Певзнер недолго колебался.
- По местам! - неистово прокричал он. - Генеральная репетиция! Машины, пошли!
Ефим Давыдович с удовлетворением наблюдал движение в кадре.
Хлопушка "Цена человека".
На фоне тюремной стены затылок героини Эллы. Внезапно она поворачивается, смотрит прямо в камеру и почти кричит:
- Пустите, пустите меня к нему! Он должен знать, что о нем кто-то думает! - Она проглотила слезы и уже шепотом произнесла: - Что кто-то помнит! Помнит!
В белом халате, накинутом на плечи поверх флотской суконки, Сева разговаривал с Васей Завирюхой у окна в коридоре больницы.
- Меня смотрел академик. Сказал, что будет думать, что со мной делать, - доложил Завирюха грустно.
- Даст бог, тебе повезет...
- Я не знаю, что мне даст бог, но тебе - уже спасибо. Без тебя я бы года три ждал сюда места.

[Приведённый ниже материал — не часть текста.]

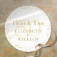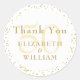 Confeti de polvo de oro de agradecimiento por el 50 aniversario, pegatina redonda clásica. Personalízala con tus nombres en letras doradas elegantes. Perfecta para sellar sobres o como pegatinas de favor. Diseñada por Thisisnotme©

- Просто случай... Улучил момент, когда секретарша повисла на телефоне, и рванул прямо в кабинет к академику. Ну а он тоже когда-то служил на флоте, - пояснил Сева причину успеха своей "акции".
- И никакого звонка или письма от твоего народного артиста не было? недоверчиво уточнил Вася.
- Я к нему не обращался.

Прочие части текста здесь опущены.